Task instructions »
Of all the entries below, only the lines from the one with "New furniture in" up to and including the one with "Remains of the" are to be duplicated exactly.

━━ Records shown

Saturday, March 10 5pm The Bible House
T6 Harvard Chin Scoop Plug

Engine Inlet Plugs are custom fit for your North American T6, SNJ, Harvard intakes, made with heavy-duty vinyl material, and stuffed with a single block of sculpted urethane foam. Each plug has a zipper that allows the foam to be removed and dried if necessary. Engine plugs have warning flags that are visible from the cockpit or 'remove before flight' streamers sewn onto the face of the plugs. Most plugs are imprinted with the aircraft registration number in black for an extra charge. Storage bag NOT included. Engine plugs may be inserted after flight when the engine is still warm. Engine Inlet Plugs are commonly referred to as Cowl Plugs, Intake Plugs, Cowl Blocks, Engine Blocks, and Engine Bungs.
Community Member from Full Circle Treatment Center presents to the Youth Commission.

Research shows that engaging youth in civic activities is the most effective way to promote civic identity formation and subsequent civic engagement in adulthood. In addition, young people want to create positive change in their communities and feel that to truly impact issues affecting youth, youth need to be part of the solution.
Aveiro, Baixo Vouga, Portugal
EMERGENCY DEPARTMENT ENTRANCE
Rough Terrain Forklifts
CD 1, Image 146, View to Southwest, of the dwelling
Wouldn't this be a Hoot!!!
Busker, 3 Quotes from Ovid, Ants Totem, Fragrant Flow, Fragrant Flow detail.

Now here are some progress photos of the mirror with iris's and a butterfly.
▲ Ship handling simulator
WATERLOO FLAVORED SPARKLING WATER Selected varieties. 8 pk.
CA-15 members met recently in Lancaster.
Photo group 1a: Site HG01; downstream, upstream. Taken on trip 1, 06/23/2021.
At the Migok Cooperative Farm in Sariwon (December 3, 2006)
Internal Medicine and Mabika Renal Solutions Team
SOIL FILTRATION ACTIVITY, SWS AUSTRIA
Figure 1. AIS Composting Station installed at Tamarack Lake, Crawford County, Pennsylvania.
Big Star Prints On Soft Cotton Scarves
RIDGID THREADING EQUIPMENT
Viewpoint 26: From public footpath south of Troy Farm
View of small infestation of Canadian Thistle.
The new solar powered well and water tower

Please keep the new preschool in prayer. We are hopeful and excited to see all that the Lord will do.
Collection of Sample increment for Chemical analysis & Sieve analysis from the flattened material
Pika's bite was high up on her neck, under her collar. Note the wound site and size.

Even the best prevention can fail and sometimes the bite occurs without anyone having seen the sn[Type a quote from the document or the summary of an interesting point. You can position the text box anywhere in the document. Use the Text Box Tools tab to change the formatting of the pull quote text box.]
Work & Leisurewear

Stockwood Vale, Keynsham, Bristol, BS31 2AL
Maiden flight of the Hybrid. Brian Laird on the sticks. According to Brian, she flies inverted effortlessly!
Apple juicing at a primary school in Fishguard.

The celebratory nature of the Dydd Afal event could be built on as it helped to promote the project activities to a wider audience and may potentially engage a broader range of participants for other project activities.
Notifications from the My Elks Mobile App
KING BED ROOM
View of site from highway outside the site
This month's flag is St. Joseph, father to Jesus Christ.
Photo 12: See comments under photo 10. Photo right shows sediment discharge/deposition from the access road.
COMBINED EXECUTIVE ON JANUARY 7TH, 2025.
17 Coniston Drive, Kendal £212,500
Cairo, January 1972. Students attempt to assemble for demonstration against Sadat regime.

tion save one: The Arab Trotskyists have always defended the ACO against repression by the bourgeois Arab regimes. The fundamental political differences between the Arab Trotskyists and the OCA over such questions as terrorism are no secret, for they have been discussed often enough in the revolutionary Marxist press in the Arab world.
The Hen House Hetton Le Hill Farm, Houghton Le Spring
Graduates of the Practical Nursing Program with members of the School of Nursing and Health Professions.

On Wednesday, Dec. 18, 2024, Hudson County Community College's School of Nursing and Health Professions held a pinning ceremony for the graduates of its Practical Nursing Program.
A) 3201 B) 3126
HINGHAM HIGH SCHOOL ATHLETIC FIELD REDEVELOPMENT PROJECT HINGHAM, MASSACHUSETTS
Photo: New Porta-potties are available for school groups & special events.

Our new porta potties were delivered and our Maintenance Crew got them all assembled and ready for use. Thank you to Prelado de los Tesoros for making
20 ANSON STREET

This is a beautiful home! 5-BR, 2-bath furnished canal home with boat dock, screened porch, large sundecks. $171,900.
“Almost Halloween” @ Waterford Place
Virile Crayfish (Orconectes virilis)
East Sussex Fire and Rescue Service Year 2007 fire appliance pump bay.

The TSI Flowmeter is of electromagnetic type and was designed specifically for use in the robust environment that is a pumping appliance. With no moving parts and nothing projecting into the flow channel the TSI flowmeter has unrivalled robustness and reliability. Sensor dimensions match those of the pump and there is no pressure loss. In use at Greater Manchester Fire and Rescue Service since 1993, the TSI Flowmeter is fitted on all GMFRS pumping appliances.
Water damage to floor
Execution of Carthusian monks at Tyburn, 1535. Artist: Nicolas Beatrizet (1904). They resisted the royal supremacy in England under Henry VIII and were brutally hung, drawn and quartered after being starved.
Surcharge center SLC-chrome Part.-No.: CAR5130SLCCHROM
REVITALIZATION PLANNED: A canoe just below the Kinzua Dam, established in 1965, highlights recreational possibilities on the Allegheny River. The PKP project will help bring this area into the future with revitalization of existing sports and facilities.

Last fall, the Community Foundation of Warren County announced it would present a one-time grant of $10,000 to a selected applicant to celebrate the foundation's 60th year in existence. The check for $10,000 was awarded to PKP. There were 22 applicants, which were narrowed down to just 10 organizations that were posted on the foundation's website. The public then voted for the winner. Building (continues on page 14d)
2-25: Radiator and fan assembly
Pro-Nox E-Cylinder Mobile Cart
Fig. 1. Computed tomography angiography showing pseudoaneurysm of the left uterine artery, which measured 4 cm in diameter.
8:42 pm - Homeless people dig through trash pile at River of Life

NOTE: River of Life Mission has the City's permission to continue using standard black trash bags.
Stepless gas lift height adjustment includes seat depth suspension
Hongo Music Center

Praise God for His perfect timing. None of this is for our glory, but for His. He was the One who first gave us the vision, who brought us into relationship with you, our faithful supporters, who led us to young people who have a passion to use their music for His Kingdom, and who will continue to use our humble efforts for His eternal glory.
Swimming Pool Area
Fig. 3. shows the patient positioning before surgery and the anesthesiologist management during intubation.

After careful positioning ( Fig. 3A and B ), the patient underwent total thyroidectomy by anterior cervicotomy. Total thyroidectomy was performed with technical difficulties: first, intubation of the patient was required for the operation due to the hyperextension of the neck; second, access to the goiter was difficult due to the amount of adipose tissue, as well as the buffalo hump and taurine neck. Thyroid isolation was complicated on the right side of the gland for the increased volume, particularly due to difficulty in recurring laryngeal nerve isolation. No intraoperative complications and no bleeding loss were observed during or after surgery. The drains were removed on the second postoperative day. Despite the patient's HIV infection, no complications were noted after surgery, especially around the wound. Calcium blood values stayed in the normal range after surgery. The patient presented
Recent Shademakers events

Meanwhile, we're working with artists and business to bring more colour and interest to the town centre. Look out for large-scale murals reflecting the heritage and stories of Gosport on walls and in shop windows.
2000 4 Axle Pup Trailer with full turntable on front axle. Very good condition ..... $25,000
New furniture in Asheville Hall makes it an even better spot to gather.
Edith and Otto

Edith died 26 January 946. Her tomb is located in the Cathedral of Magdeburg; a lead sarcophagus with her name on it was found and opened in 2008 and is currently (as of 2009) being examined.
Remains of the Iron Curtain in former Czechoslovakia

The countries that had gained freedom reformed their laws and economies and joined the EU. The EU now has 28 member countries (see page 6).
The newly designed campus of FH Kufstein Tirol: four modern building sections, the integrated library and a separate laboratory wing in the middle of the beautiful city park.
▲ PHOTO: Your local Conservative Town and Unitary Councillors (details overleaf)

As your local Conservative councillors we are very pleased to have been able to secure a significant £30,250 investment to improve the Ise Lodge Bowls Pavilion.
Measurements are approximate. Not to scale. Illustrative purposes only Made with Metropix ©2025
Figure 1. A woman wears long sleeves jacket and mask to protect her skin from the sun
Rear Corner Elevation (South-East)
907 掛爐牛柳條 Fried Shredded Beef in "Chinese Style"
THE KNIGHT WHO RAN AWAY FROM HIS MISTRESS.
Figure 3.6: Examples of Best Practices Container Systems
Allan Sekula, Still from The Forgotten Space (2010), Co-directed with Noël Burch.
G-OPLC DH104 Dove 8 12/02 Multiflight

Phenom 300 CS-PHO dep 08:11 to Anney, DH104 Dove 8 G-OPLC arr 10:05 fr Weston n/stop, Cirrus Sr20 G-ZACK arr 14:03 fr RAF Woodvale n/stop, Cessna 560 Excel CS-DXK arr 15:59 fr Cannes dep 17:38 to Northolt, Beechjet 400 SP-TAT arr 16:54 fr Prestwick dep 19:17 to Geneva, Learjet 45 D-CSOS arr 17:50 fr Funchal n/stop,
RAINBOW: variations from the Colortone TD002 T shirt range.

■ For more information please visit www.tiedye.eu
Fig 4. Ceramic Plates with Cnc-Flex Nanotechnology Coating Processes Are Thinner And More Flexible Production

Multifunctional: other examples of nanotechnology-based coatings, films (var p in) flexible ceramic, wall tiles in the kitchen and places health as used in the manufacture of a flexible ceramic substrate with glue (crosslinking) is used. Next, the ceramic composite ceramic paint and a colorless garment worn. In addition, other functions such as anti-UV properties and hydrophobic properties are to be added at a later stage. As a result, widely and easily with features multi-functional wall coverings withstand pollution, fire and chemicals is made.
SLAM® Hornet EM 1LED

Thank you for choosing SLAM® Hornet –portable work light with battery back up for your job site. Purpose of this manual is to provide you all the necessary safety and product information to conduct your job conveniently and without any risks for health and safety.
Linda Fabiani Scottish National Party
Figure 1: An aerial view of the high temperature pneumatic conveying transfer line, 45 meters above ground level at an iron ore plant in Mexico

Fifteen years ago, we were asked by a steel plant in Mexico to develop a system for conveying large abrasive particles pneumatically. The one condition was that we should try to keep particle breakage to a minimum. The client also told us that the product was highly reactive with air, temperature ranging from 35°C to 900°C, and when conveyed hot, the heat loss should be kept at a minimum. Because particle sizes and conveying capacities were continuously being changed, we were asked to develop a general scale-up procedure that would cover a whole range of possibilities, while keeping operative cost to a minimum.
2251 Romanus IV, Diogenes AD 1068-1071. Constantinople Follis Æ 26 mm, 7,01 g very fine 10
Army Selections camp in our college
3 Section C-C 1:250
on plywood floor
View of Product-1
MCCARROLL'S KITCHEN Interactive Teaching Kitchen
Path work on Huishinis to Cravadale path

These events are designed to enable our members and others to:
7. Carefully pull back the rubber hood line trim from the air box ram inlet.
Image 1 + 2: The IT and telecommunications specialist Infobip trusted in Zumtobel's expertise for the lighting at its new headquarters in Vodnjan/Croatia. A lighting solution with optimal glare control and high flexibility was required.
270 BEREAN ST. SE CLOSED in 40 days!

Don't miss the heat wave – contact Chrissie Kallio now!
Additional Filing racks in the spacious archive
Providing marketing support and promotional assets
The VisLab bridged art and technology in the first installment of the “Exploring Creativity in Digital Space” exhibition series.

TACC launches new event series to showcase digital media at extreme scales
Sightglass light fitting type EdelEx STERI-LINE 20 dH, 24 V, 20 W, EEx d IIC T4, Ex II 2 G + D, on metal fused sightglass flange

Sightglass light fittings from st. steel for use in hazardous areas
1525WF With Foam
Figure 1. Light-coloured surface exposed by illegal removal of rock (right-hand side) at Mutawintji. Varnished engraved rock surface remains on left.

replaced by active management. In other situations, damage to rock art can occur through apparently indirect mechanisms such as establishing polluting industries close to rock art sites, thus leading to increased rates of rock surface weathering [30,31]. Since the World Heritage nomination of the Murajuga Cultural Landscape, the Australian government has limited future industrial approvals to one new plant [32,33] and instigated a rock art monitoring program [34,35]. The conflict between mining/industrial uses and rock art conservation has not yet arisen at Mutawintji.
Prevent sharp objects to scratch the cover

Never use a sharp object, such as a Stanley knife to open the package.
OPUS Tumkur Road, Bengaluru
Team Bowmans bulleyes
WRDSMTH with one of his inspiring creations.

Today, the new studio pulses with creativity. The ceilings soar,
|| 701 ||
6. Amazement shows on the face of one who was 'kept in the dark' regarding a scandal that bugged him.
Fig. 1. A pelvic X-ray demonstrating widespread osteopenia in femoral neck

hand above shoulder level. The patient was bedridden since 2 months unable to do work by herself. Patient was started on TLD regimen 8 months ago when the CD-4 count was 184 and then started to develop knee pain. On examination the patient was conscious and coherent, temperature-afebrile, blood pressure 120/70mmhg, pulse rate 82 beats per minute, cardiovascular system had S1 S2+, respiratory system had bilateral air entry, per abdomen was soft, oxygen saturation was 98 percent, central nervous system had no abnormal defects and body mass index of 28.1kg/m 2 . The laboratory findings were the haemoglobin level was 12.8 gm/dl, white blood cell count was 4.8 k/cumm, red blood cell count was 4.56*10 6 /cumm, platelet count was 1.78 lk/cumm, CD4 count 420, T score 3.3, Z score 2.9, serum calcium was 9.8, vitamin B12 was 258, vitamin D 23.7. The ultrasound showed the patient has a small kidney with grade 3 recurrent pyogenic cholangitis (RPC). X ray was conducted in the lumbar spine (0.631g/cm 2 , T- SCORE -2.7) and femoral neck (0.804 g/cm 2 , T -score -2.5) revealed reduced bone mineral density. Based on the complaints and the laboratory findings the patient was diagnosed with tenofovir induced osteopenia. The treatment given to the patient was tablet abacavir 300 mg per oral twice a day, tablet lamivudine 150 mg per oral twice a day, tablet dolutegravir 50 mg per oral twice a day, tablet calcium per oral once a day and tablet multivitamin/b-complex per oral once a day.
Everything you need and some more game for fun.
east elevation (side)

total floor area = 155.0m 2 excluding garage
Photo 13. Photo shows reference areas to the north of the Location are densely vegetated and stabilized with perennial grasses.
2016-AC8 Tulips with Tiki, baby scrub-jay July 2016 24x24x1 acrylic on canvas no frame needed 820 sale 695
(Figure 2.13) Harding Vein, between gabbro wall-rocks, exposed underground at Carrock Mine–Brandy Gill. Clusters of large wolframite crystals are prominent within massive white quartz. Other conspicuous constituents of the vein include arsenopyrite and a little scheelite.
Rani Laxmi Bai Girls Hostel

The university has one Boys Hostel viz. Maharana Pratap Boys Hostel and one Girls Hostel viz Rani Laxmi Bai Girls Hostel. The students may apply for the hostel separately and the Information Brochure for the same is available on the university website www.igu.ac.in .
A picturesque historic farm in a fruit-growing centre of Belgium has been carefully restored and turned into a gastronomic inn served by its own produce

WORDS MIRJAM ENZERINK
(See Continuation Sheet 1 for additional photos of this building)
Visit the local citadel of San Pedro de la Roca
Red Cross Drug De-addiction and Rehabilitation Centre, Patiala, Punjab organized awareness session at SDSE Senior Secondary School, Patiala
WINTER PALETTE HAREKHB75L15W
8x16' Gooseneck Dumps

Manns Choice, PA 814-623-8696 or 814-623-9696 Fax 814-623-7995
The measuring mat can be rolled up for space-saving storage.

━━━━

Solution to this problem »
New furniture in Asheville Hall makes it an even better spot to gather.
Edith and Otto

Edith died 26 January 946. Her tomb is located in the Cathedral of Magdeburg; a lead sarcophagus with her name on it was found and opened in 2008 and is currently (as of 2009) being examined.
Remains of the Iron Curtain in former Czechoslovakia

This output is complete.